◆ Data
####

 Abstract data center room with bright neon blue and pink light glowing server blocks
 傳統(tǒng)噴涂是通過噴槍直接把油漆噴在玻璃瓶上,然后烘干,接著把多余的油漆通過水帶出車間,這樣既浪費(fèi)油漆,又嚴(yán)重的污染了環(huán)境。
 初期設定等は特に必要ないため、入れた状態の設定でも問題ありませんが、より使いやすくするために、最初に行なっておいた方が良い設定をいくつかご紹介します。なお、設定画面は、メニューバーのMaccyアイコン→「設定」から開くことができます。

####

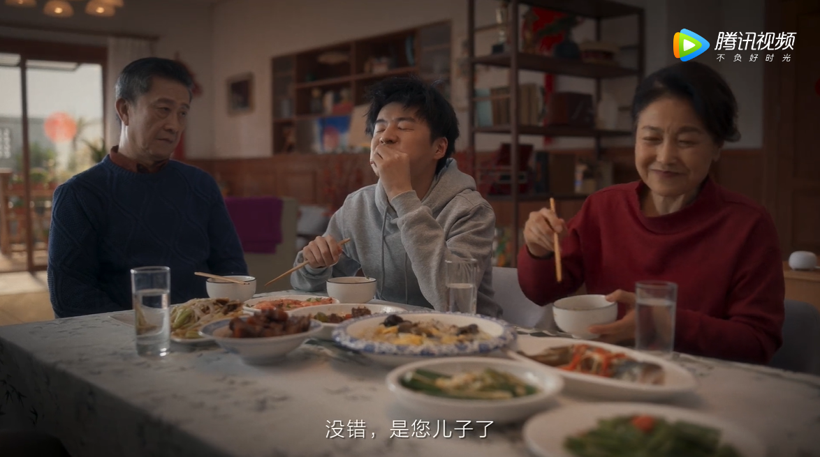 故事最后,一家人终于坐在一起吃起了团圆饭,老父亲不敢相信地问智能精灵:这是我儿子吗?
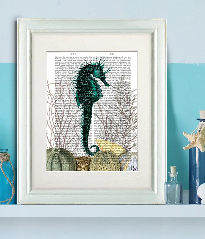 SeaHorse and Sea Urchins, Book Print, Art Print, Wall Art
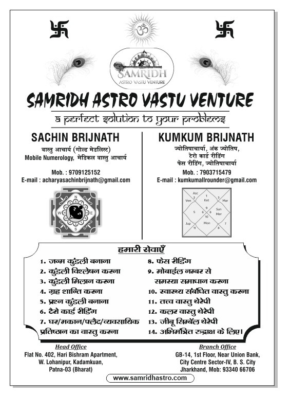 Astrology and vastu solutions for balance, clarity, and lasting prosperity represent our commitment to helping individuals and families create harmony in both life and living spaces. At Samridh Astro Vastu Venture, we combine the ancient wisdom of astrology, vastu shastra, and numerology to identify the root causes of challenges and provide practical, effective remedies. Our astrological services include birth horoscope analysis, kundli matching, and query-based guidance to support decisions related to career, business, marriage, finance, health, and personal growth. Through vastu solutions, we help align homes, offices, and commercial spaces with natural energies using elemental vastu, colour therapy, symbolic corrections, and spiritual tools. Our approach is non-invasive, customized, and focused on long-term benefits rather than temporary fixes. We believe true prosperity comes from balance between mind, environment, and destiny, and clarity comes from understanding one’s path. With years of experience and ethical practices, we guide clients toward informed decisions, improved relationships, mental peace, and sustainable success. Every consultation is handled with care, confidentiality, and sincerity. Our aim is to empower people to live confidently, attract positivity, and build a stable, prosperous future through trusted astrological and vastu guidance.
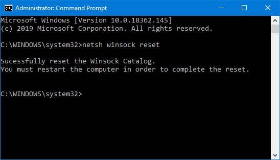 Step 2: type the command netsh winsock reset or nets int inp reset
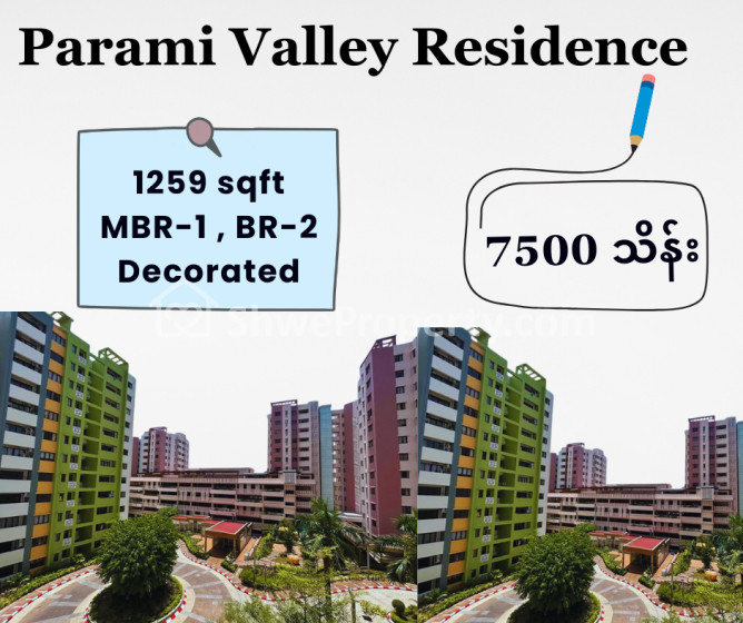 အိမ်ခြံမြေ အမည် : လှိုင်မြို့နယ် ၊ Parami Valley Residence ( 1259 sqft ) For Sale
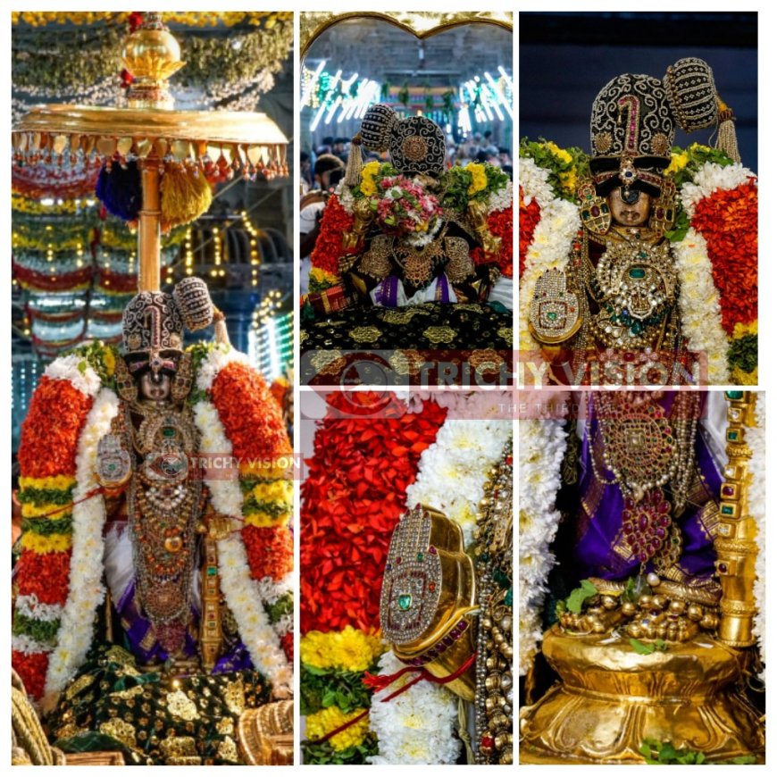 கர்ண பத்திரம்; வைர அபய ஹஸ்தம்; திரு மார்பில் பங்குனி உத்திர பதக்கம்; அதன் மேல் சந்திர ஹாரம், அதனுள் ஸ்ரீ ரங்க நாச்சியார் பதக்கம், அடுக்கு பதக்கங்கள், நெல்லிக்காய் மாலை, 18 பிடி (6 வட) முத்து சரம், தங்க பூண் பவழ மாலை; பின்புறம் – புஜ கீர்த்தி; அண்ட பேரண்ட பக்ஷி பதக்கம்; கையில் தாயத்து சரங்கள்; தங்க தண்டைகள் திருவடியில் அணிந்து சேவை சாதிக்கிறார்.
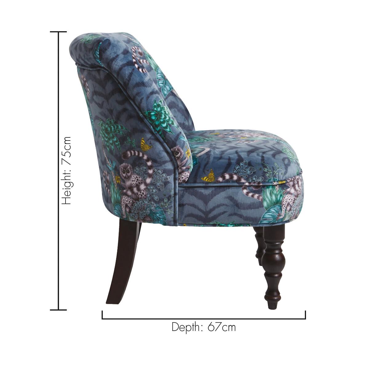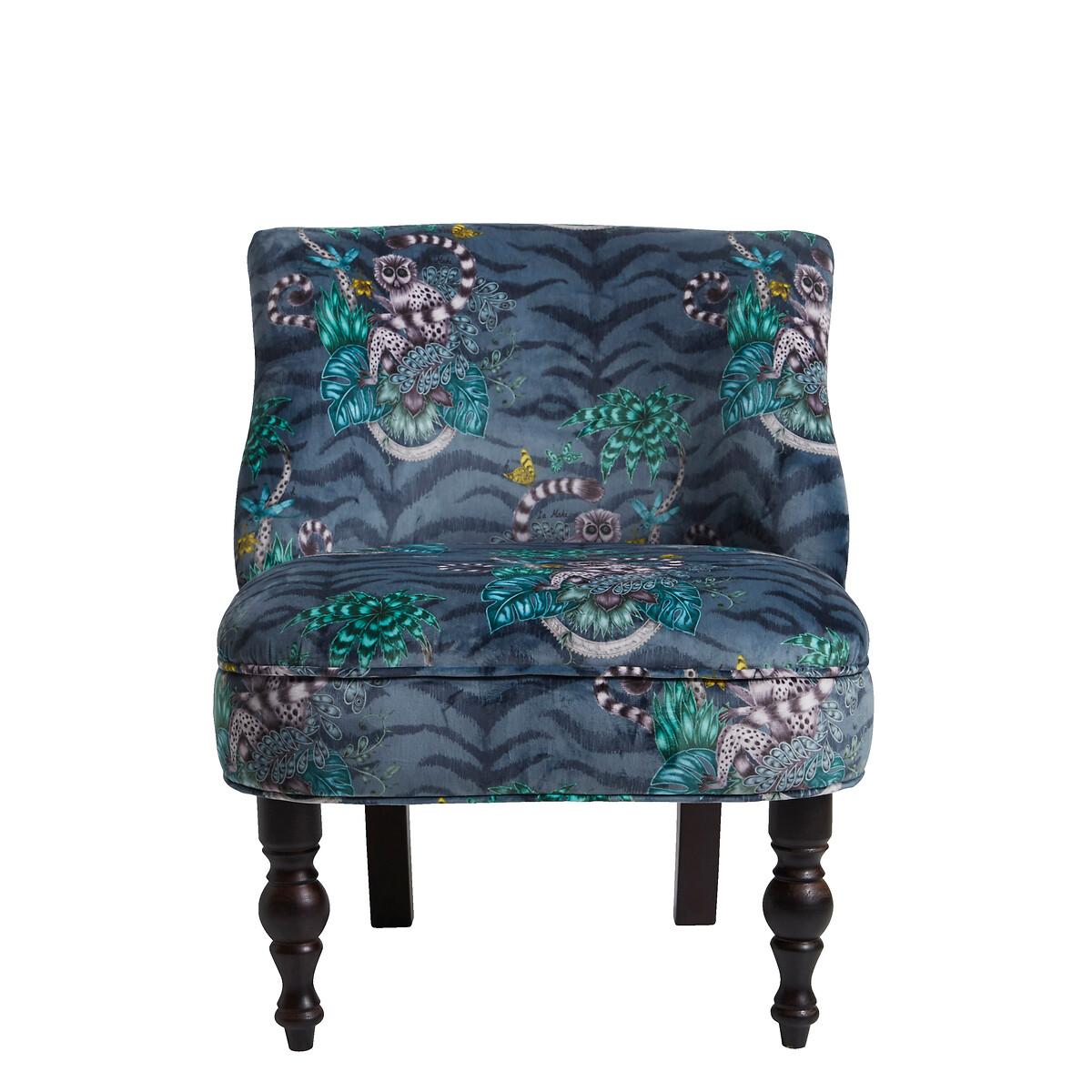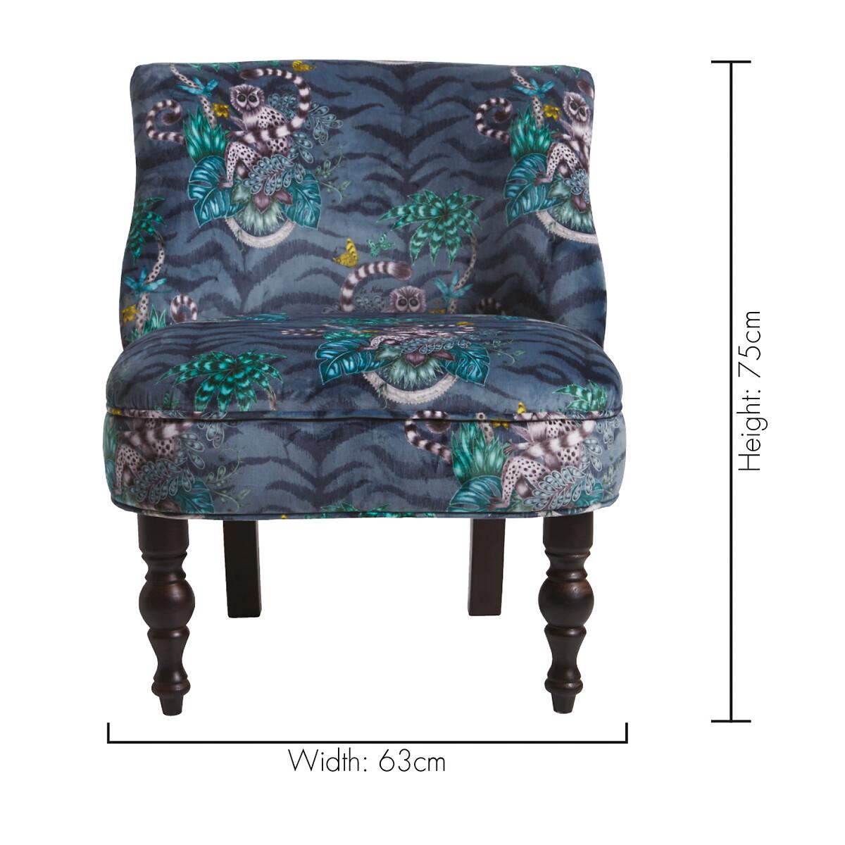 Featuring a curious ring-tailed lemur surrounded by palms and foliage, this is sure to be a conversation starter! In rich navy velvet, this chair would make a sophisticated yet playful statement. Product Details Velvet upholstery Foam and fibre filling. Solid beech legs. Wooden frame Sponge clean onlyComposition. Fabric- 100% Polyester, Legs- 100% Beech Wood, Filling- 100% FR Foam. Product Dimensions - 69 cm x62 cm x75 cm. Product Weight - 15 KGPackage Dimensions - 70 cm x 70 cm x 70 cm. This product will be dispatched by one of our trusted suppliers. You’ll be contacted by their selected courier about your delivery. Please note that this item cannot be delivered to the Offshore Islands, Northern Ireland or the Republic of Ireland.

####

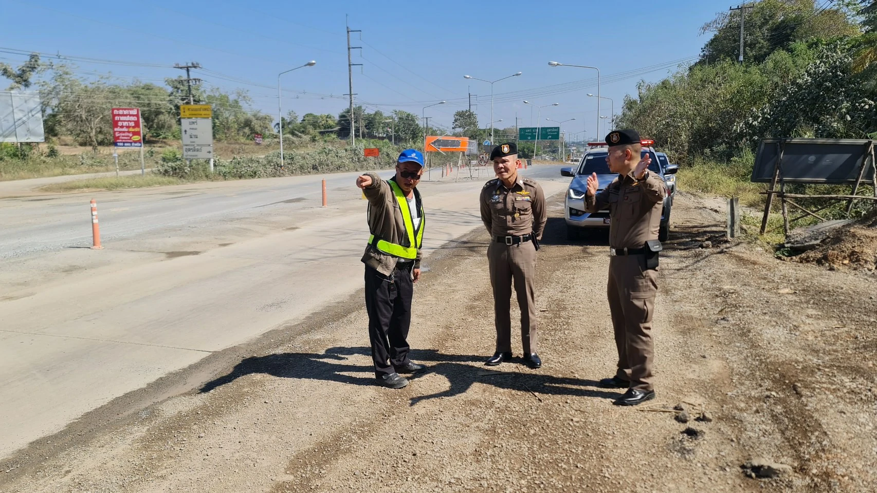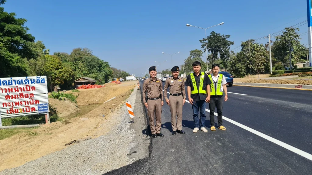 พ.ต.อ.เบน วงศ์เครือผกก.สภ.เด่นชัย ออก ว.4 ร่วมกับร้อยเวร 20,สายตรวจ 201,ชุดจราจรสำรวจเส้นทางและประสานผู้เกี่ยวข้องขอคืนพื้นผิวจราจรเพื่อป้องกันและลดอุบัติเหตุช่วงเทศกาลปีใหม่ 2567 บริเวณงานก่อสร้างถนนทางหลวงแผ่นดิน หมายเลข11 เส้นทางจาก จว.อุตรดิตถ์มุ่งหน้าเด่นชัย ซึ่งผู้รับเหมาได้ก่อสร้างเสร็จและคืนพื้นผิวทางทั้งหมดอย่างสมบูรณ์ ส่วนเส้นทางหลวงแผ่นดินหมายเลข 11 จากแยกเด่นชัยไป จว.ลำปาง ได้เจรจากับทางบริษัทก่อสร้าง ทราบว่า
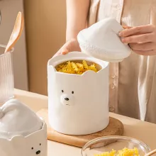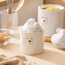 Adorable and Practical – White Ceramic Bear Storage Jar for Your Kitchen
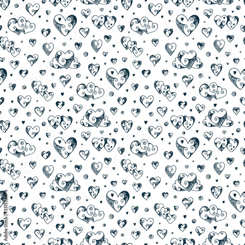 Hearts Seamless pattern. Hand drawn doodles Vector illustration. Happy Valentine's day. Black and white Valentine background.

####

◆ Work to complete
Transcribe the records above exactly, beginning at the line that contains "Abstract data center" and ending with the line that contains "初期設定等は特に必要ないため", both included, and nothing else.

◆ Solution to the exercise
 Abstract data center room with bright neon blue and pink light glowing server blocks
 傳統(tǒng)噴涂是通過噴槍直接把油漆噴在玻璃瓶上,然后烘干,接著把多余的油漆通過水帶出車間,這樣既浪費(fèi)油漆,又嚴(yán)重的污染了環(huán)境。
 初期設定等は特に必要ないため、入れた状態の設定でも問題ありませんが、より使いやすくするために、最初に行なっておいた方が良い設定をいくつかご紹介します。なお、設定画面は、メニューバーのMaccyアイコン→「設定」から開くことができます。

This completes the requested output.